How to Read DMARC Reports?

Domain-based Message Authentication Reporting and Conformance (DMARC) does not only protect your domain against BEC, domain impersonation, and email fraud attacks, it also provides you visibility into your email channels, so that you are always aware of what is going on in the background. DMARC provides a reporting mechanism, in the form of DMARC reports that allows domain owners to read authentication results for every email that is sent on behalf of their domain. This essentially helps you track deliverability issues, take action against malicious sending sources and resolve protocol implementation errors promptly.

Why Do You Need DMARC Reports?

Despite SPF and DKIM mechanisms, there is a certain probability that the original messages will be correctly processed, and the identity of the sender will go unnoticed.
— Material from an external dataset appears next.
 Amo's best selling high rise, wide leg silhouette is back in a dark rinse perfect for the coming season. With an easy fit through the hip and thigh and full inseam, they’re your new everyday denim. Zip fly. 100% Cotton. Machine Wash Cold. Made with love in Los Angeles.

Also, frequently, recipient’s reports about failures do not reach the sender. In general, the services are continuously evolving and improving.
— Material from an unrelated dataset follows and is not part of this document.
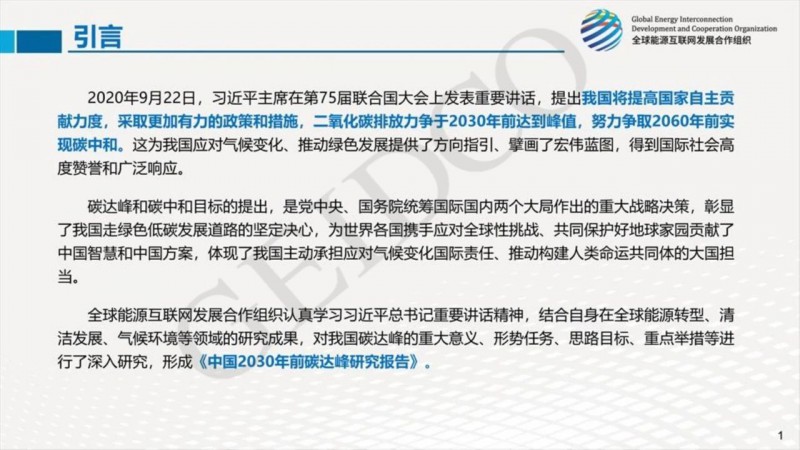 2021年3月18日,全球能源互聯(lián)網(wǎng)發(fā)展合作組織在北京舉行“中國(guó)碳達(dá)峰碳中和成果發(fā)布暨研討會(huì)”,并重磅發(fā)布三份高質(zhì)量研究報(bào)告《中國(guó)2060年前碳中和研究報(bào)告》、《中國(guó)2030年前碳達(dá)峰研究報(bào)告》、《中國(guó)2030年能源電力發(fā)展規(guī)劃研究及2060年展望》。

DMARC steps in as an email authentication program that ensures your email communication is authenticated by SPF or DKIM. It ensures that your emails can be trusted and helps remove chances of spoofing by allowing the receiver to check for valid headers before even opening the mail. In order to ensure  the security of your data, you need highly-reliable and robust email security. DMARC is one such standard that checks the integrity of your addresses and helps prevent phishing attacks all while improving your email deliverability rates.
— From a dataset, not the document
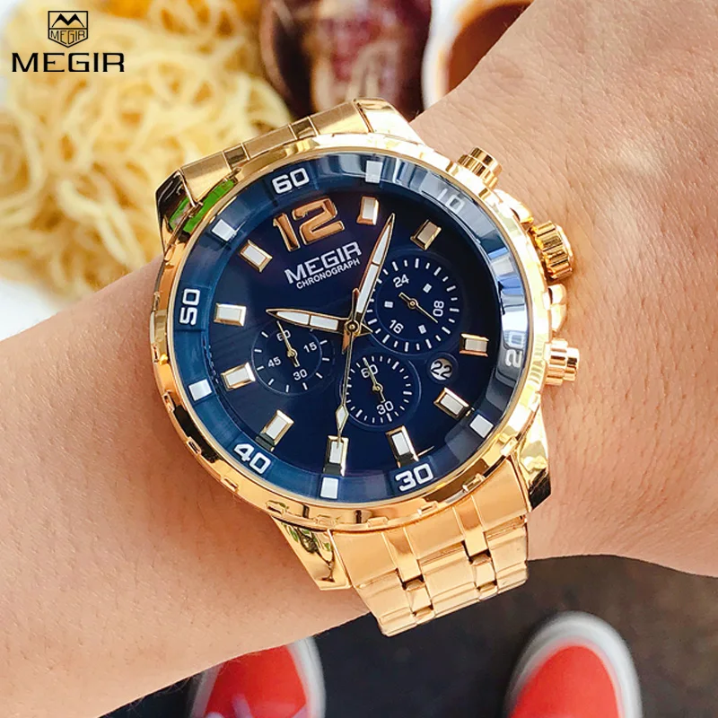 Goede Koop Chronograph heren Quartz Horloges MEGIR Roestvrij Stalen Band Waterdicht Kalender Mannelijke Klok Business Man Horloge Montre Homme Goedkoop

When you publish a DMARC record in your DNS, it allows you to specify how your domain should react when an email is received that fails DKIM and SPF authentication. With a properly configured DMARC record, mailbox providers will send you reports directly to your email address, HTTP or HTTPS, letting you monitor the delivery of emails sent from your domain. By setting up DMARC reports you’ll be able to get a lot of valuable information about your outgoing mail traffic. This information can be used for the purpose of authenticating your genuine sources and blocking your illegitimate ones.

How to Read DMARC Reports: Reading DMARC XML Reports

Your DMARC reports, also called raw reports, provide essential data about email activity on your domain that are necessary to help protect you against future phishing attacks. They’re available in XML format and they’re usually sent by email with the subject “DMARC Report.” There are essentially two types of reports:

  1. DMARC Aggregate (RUA) Report
  2. DMARC Forensic (RUF) Report

You can visit PoweDMARC’s knowledge base to learn more about each of them and how to configure them for your domain easily.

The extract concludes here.